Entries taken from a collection
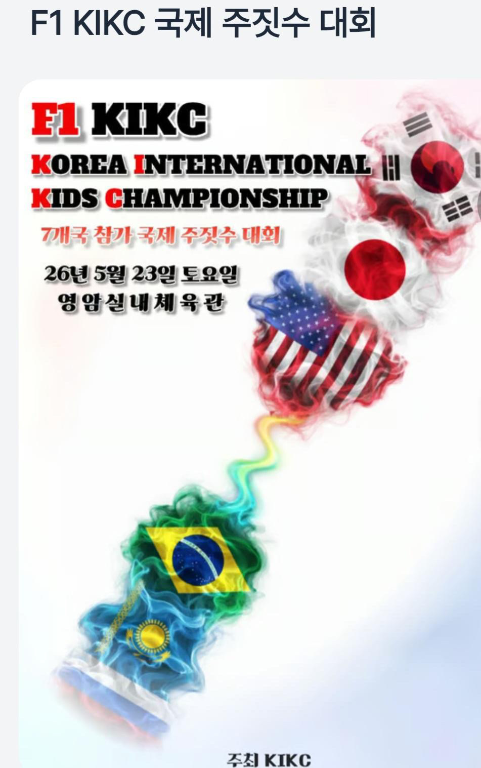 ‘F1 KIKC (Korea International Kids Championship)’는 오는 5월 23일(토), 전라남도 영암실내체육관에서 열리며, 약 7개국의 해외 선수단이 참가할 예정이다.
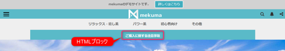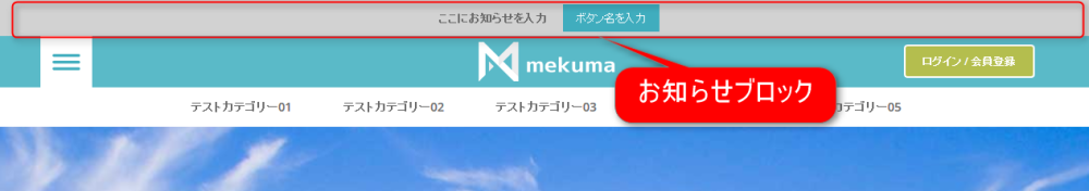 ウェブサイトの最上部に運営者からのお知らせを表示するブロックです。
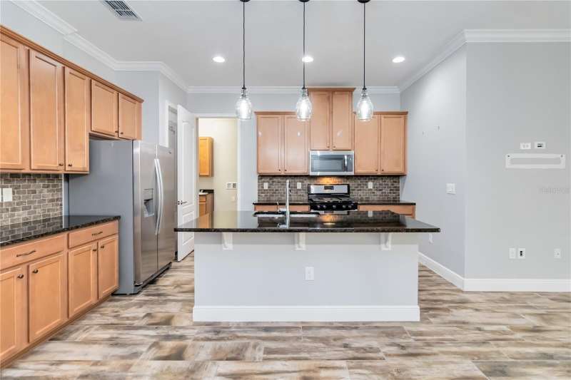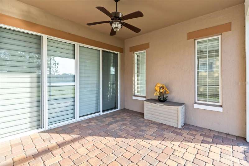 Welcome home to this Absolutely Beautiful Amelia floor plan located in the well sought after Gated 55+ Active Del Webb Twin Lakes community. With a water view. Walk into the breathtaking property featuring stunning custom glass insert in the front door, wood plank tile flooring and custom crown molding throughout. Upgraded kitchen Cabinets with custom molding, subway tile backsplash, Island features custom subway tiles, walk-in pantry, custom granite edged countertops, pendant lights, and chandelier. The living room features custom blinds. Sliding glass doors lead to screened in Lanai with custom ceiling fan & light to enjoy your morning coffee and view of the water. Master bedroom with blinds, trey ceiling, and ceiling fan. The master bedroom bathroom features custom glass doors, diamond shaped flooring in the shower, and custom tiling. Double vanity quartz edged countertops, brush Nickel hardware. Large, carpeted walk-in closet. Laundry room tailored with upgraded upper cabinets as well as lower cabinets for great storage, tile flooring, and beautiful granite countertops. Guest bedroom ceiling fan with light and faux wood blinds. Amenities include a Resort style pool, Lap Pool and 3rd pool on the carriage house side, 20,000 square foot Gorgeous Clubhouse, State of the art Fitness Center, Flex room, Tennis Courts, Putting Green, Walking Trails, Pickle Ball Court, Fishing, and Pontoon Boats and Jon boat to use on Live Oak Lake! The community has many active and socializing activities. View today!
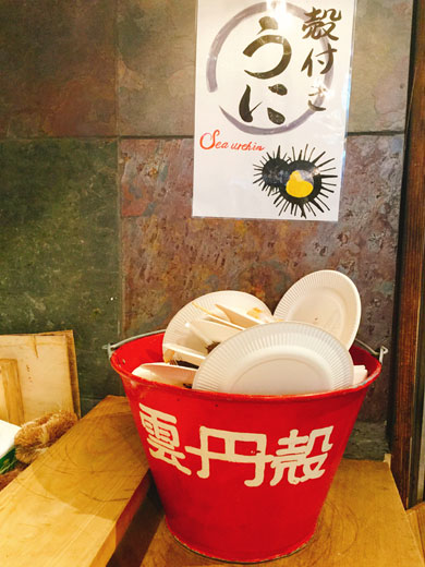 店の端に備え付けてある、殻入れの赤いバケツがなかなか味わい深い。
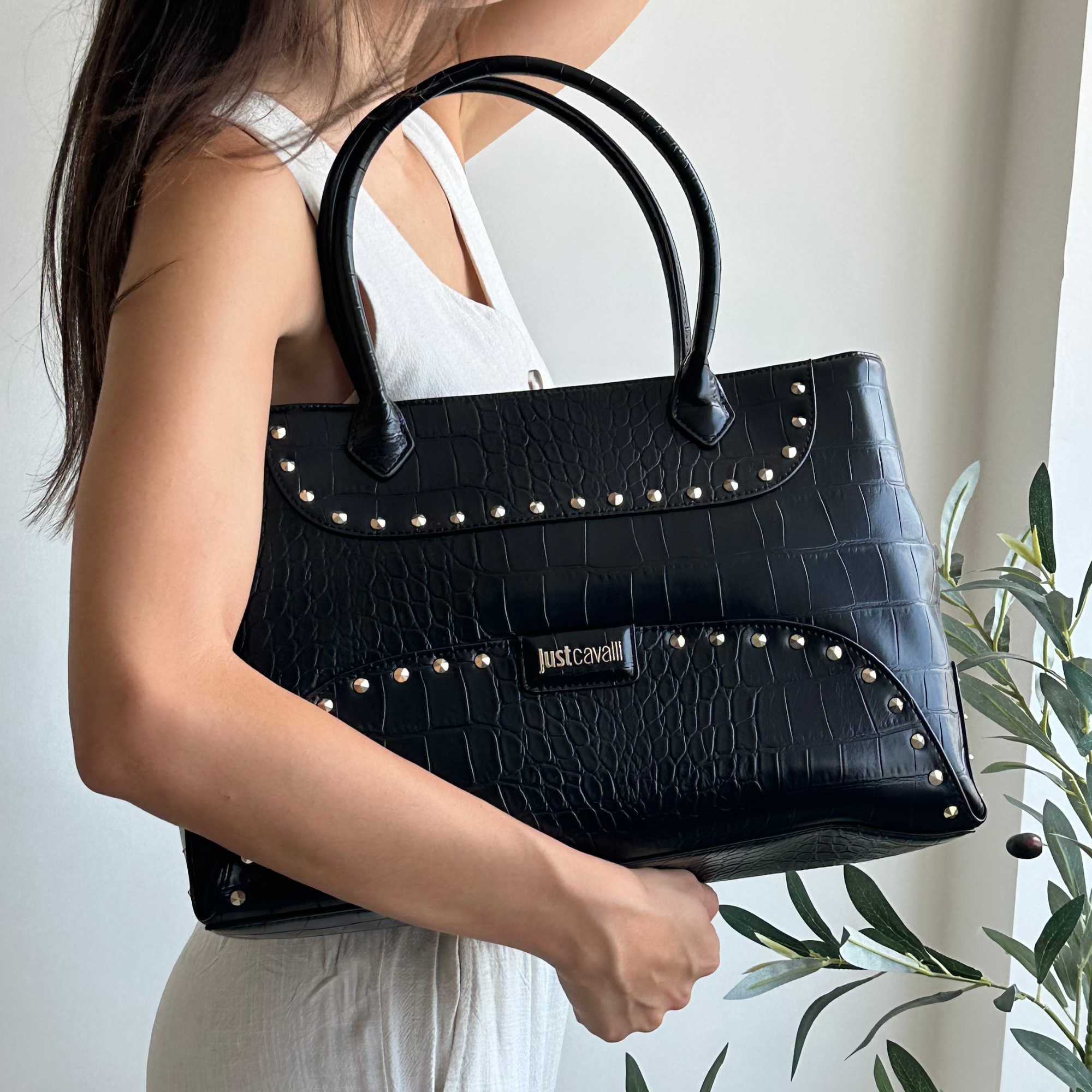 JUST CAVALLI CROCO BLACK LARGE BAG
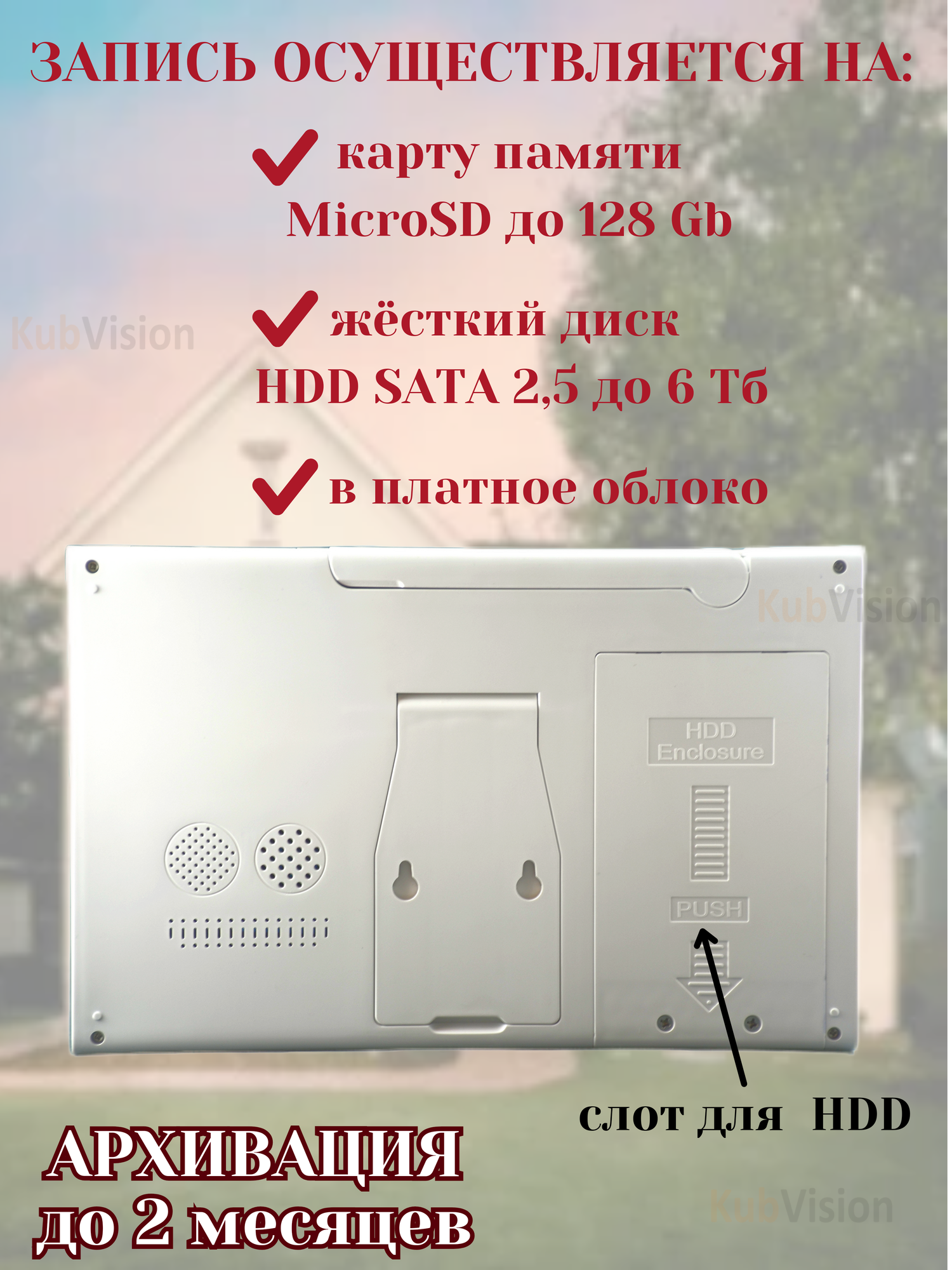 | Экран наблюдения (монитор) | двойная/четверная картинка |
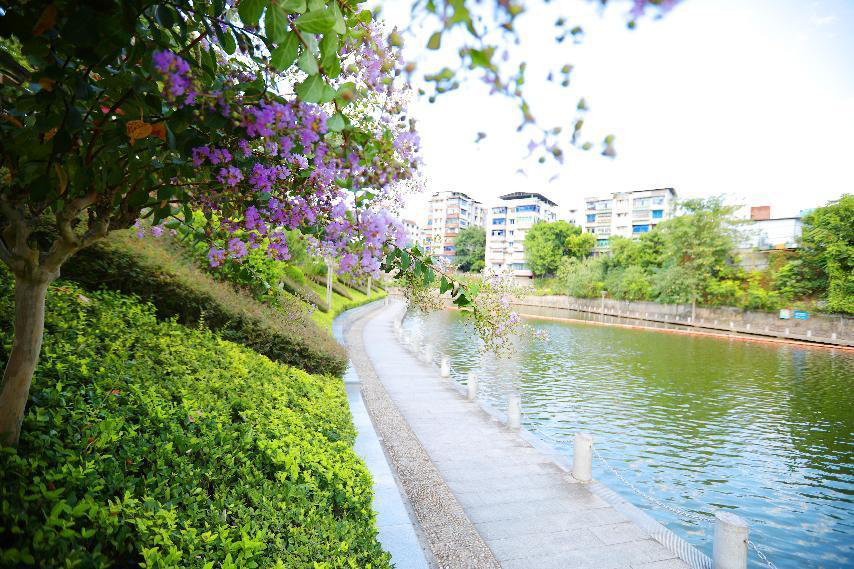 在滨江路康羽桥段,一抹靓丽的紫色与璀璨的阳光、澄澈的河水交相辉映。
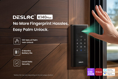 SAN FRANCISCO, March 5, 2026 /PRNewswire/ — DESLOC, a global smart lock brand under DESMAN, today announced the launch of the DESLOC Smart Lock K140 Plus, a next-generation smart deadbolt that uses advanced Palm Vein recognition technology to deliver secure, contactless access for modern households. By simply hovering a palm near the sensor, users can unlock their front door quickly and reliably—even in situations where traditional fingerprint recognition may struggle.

About this task: Beginning with the first line of the records, write out every line up to and including the one with "ウェブサイトの最上部に運営者からのお知らせを表示するブロックです。", exactly, and omit all pictures.

Answer for the task:
 ‘F1 KIKC (Korea International Kids Championship)’는 오는 5월 23일(토), 전라남도 영암실내체육관에서 열리며, 약 7개국의 해외 선수단이 참가할 예정이다.
 ウェブサイトの最上部に運営者からのお知らせを表示するブロックです。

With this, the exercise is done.